There was a slight difference between 4 and 40 threads using ThreadPool , which means that there is no significant cost to the pool, even if you trick it with requests.
There was a slight difference between the versions of ThreadPool and free-threaded, which means that ThreadPool does not have significant "fixed" costs;
There was a slight difference between the versions with 4-stream and 40-stream files with the free version, which means that .NET does nothing worse than you would expect from it with intensive context switching.
Do we even need a C ++ test for comparison? The results are pretty clear: the threads in .NET are not slow. If you , a programmer, write poor multi-threaded code and end up with hunger resources or blocking convoys, you really don't need to worry.
With .NET 4.0 and TPL and improvements in ThreadPool , queues for work and all that is cool, you have even more opportunities for writing "doubtful" code, and yet it works efficiently. You do not get these features at all from C ++.

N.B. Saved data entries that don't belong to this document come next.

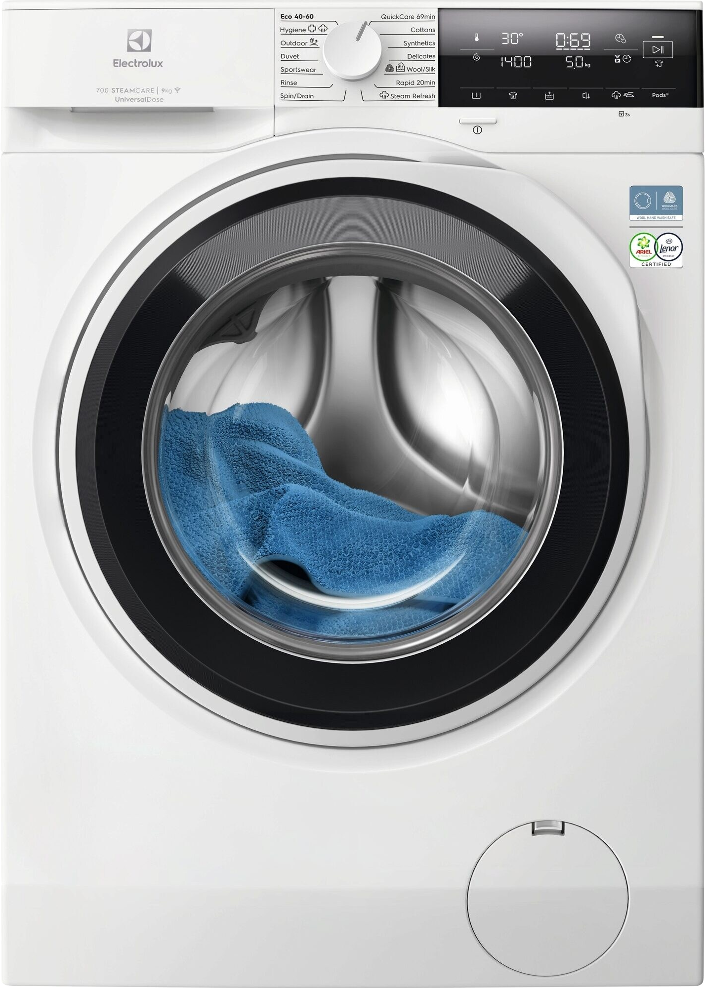 ELECTROLUX EW7F3494FQE Elöltöltős mosógép 9kg, 1400 f/p,Ökoinverter, WIFI,UNIVERSALDOSE, Steamrefresh
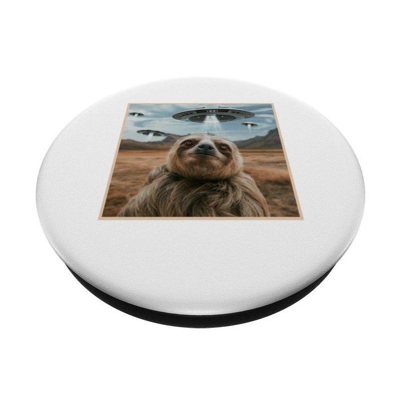 Funny Graphic Tee Sloth Selfie with UFOs Weird PopSockets Standard PopGrip
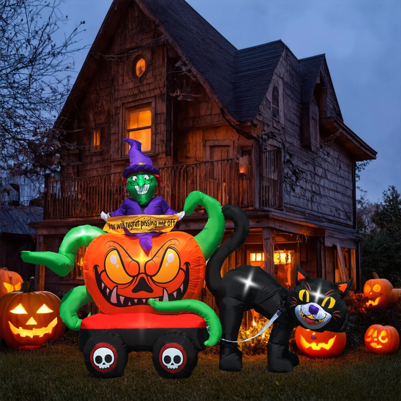 Coolmade Halloween Inflatable Decoration Witch Pumpkin Truck Built-in LED 9ft
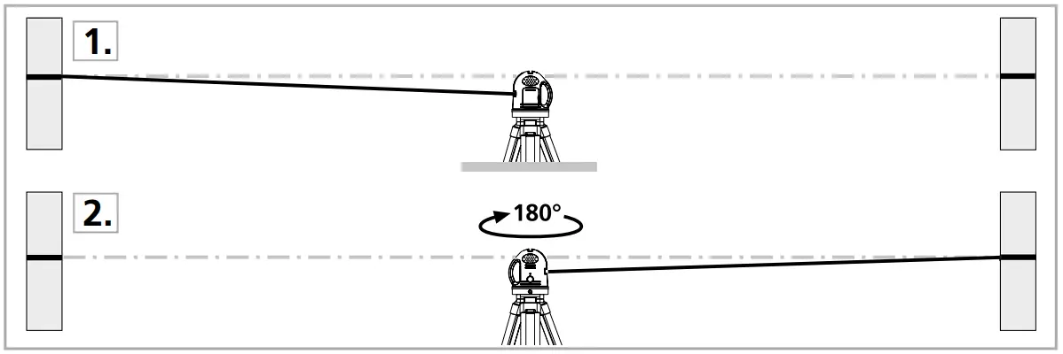 It is possible for you to check the calibration of the laser. To do this, position the device midway between 2 walls, which must be at least 5 metres apart.Switch the device on (Laser cross ON). The best calibration results are achieved if the device is mounted on a tripod.
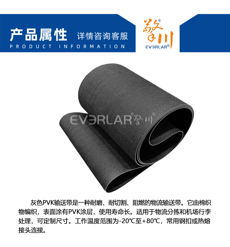 產(chǎn)品名稱:灰色PVK輸送帶耐磨抗撕裂物流分揀輸送機(jī)專用工業(yè)皮帶廠家定制
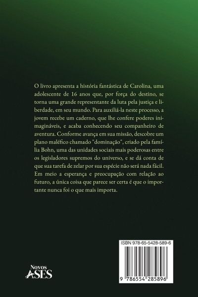 O livro apresenta a história fantástica de Carolina, uma adolescente de 16 anos que, por força do destino, se torna uma grande representante da luta pela justiça e liberdade, em seu mundo. Para auxiliá-la neste processo, a jovem recebe um caderno, que lhe confere poderes inimagináveis, e acaba conhecendo seu companheiro de aventura. Conforme avança em sua missão, descobre um plano maléfico chamado "dominação", criado pela família Bohn, uma das unidades sociais mais poderosas entre os legisladores supremos do universo, e se dá conta de que sua tarefa de zelar por sua espécie não será nada fácil. Em meio a esperança e preocupação com relação ao futuro, a única coisa que parece ser certa é que o importante nunca foi o que mais importa.
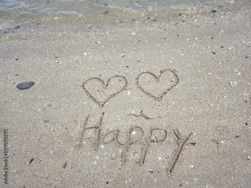 © Mumumutelu , Fototapeta premium Two hearts drawn on sand beach

For reference, here is the test code:
using System; using System.Collections.Generic; using System.Diagnostics; using System.Runtime.CompilerServices; using System.Threading; namespace ThreadingTest { class Program { private static int PrimeMax = 500000; private static int TestRunCount = 800; static void Main(string[] args) { Console.WriteLine("Test | Threads | ThreadPool | Time"); Console.WriteLine("-----+---------+------------+--------"); RunTest(1, 1, false); RunTest(2, 4, true); RunTest(3, 40, true); RunTest(4, 4, false); RunTest(5, 40, false); Console.WriteLine("Done!"); Console.ReadLine(); } static void RunTest(int sequence, int threadCount, bool useThreadPool) { TimeSpan duration = Time(() => GeneratePrimes(threadCount, useThreadPool)); Console.WriteLine("{0} | {1} | {2} | {3}", sequence.ToString().PadRight(4), threadCount.ToString().PadRight(7), useThreadPool.ToString().PadRight(10), duration); } static TimeSpan Time(Action action) { Stopwatch sw = new Stopwatch(); sw.Start(); action(); sw.Stop(); return sw.Elapsed; } static void GeneratePrimes(int threadCount, bool useThreadPool) { if (threadCount == 1) { TestPrimes(TestRunCount); return; } int testsPerThread = TestRunCount / threadCount; int remaining = threadCount; using (ManualResetEvent finishedEvent = new ManualResetEvent(false)) { for (int i = 0; i < threadCount; i++) { Action testAction = () => { TestPrimes(testsPerThread); if (Interlocked.Decrement(ref remaining) == 0) { finishedEvent.Set(); } }; if (useThreadPool) { ThreadPool.QueueUserWorkItem(s => testAction()); } else { ThreadStart ts = new ThreadStart(testAction); Thread th = new Thread(ts); th.Start(); } } finishedEvent.WaitOne(); } } [MethodImpl(MethodImplOptions.NoOptimization)] static void IteratePrimes(IEnumerable<int> primes) { int count = 0; foreach (int prime in primes) { count++; } } static void TestPrimes(int testRuns) { for (int t = 0; t < testRuns; t++) { var primes = Primes.GenerateUpTo(PrimeMax); IteratePrimes(primes); } } } }
And here is the main generator:
using System; using System.Collections.Generic; using System.Linq; namespace ThreadingTest { public class Primes { public static IEnumerable<int> GenerateUpTo(int maxValue) { if (maxValue < 2) return Enumerable.Empty<int>(); bool[] primes = new bool[maxValue + 1]; for (int i = 2; i <= maxValue; i++) primes[i] = true; for (int i = 2; i < Math.Sqrt(maxValue + 1) + 1; i++) { if (primes[i]) { for (int j = i * i; j <= maxValue; j += i) primes[j] = false; } } return Enumerable.Range(2, maxValue - 1).Where(i => primes[i]); } } }
If you see any obvious flaws in the test, let me know. Given any serious problems with the test itself, I think the results speak for themselves, and the message is clear:
Do not listen to anyone who makes overly broad and unqualified statements about how the performance of .NET or any other language / environment is โbadโ in any particular area, because they are probably talking about their ... back ends.